Tauba Auerbach and Yuji Agematsu
Meander
July 16, 2022–October 16, 2022
Tauba Auerbach and Yuji Agematsu
LEFT: Tauba Auerbach, Grain - 2nd Iteration Peano Vapor (Variation I) II, 2022. Acrylic on canvas / wooden stretcher, 60 x 45 in. Courtesy of the artist and Paula Cooper Gallery, New York. © Tauba Auerbach [Photo: Steven Probert]
RIGHT: Yuji Agematsu, zip: 08.01.21 . . . 08.31.21, 2021 (detail: 08.31.21). Mixed media in cigarette pack cellophane wrapper, approx.: 2 1/2 x 2 1/8 x 1 in. Private collection, Courtesy of the artist. [Photo: Stephen Faught]

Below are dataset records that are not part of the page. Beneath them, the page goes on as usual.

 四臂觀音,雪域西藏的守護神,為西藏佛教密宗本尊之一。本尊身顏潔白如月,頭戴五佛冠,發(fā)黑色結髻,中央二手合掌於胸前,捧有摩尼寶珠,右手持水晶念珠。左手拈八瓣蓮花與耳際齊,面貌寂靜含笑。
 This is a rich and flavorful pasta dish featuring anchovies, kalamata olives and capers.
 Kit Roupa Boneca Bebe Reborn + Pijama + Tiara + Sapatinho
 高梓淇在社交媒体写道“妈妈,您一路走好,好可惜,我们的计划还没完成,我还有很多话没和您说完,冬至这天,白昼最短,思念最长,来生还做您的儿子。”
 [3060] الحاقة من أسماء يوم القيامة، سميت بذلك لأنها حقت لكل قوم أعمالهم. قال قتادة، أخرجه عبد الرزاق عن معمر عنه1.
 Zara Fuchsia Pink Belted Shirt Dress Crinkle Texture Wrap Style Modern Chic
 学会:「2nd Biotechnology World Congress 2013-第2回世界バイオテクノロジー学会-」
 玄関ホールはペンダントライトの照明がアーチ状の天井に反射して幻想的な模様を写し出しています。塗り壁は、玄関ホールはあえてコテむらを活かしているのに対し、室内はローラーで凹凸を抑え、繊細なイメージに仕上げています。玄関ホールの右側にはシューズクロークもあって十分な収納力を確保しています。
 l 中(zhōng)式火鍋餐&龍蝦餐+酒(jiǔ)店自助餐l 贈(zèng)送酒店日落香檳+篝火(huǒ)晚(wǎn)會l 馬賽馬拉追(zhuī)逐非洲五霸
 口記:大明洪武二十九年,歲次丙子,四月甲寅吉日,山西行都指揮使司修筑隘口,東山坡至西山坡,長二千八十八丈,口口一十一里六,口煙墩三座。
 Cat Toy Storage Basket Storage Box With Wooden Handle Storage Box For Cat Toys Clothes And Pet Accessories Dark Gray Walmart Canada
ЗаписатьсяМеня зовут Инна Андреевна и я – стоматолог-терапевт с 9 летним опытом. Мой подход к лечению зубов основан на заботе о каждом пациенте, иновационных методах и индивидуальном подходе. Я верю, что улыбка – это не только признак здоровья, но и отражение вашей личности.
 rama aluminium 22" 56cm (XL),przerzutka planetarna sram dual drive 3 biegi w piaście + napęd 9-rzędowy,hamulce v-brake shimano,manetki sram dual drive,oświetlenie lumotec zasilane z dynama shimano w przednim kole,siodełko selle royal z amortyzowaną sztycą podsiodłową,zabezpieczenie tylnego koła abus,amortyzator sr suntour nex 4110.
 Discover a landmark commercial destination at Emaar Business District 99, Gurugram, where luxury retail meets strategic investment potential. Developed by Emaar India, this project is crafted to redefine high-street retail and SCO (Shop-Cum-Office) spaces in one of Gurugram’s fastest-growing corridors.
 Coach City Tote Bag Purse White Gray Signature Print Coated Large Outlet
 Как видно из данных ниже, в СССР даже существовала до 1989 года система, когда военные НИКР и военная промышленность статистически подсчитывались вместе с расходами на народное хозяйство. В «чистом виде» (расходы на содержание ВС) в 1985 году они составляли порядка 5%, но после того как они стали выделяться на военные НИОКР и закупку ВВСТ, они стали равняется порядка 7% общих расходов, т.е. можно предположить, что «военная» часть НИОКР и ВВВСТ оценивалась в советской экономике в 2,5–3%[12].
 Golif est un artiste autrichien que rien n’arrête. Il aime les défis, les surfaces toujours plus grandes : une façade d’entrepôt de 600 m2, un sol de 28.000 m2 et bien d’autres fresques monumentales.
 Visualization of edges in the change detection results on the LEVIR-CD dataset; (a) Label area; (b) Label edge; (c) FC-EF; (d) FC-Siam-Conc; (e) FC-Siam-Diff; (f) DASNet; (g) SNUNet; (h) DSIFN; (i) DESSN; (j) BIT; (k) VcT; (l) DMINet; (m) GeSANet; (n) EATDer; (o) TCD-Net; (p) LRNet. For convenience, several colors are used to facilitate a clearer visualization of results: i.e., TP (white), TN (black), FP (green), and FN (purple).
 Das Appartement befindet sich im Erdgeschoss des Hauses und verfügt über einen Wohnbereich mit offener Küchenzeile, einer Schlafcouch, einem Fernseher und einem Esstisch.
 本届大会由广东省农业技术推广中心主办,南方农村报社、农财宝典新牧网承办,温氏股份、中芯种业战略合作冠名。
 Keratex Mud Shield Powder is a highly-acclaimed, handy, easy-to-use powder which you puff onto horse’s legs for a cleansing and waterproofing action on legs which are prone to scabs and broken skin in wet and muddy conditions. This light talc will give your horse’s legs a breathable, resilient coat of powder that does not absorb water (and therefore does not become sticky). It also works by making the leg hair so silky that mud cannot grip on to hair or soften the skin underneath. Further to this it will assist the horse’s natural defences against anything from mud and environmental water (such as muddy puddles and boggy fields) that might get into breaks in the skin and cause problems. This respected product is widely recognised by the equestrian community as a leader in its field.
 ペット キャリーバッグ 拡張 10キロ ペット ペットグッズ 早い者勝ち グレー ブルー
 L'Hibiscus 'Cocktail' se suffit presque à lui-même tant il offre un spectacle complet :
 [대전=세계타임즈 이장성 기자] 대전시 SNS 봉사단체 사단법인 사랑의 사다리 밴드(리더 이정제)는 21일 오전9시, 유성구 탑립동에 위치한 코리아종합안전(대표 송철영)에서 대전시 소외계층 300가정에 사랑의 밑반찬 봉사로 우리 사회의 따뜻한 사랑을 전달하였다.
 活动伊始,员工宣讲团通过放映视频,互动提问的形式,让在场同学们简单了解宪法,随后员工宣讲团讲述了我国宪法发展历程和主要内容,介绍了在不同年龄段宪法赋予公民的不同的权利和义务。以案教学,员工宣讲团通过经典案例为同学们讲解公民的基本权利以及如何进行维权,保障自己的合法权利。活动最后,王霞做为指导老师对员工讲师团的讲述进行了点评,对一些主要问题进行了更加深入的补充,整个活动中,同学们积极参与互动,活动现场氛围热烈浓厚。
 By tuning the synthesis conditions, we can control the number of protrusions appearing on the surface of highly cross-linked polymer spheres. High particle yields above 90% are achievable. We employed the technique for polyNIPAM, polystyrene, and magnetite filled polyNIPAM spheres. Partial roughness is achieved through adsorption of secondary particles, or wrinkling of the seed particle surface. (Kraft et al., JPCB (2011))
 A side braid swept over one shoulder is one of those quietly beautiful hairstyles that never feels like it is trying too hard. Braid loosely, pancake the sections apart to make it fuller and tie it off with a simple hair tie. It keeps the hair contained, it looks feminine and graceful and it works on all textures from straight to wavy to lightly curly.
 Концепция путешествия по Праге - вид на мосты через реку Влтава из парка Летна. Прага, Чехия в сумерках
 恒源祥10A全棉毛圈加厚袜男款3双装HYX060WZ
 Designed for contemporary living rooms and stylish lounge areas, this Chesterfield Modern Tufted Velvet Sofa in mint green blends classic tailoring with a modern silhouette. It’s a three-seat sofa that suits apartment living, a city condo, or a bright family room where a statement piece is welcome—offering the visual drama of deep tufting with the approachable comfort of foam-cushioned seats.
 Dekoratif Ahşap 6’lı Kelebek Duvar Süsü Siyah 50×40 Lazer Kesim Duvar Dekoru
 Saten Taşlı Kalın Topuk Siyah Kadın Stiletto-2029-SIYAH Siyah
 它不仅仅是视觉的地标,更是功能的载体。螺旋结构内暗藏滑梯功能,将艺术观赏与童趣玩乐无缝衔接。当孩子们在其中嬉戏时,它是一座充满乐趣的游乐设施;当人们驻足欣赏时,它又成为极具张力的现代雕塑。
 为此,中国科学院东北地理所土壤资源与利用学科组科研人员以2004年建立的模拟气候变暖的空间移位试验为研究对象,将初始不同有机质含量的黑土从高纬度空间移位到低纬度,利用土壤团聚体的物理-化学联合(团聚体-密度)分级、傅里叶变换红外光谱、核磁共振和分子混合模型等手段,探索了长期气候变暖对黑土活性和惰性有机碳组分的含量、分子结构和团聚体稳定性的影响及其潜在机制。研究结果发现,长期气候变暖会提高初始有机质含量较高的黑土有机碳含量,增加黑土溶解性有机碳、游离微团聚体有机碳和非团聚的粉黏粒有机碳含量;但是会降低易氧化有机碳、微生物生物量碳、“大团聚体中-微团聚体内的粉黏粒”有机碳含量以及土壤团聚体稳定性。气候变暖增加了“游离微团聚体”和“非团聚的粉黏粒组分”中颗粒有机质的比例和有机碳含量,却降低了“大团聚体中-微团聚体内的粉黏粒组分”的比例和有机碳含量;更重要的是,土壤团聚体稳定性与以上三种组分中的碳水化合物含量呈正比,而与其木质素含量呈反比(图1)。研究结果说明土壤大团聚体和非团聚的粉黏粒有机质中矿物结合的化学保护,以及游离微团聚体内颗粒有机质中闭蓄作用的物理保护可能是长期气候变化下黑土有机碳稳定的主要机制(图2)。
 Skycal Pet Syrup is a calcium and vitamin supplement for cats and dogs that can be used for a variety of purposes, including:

This exhibition pairs new work by Tauba Auerbach and Yuji Agematsu, across parallel galleries in the Lunder Center at Stone Hill, under the rubric of the meander, as both noun and verb, motif and method. For Auerbach (b. 1981, San Francisco; lives and works in New York), this twisting, self-avoiding line traces global traditions of ornament as much as physical waveforms and space-filling curves in geometry. The artist’s restless experimentation in a range of media produces work that is as rigorous as it is visually arresting: calligraphic drawing, infrared imaging, and large-format painting are all part of Auerbach’s complex and expanding universe.
For Agematsu (b. 1956, Kanagawa, Japan, lives and works in New York) and his practice of walking, collecting, and archiving, meander implies drift—both his own paths through New York City and those of other people and things. Agematsu’s handheld sculptures are like small worlds. The flotsam he finds—a foil wrapper, spent fireworks, a fishbone—interests him both aesthetically and anthropologically. Each object marks the time of the artist’s daily ritual, the space of the city, and its movement of people and things.
In plainly different ways, both artists sharpen our perception of the flows of matter and energy around us—between intuition and analysis, difference and repetition, the quotidian and the cosmic. The exhibition publication, a special issue of the journal Serving Library Annual, is themed on the meander more broadly, considering it in literary, mathematical, neurological, and technological terms, among others.
This exhibition is organized by the Clark Art Institute and curated by Robert Wiesenberger, associate curator of contemporary projects.
Major funding for this exhibition is provided by Agnes Gund and Katherine and Frank Martucci, with additional support from Thomas and Lily Beischer and Margaret and Richard Kronenberg.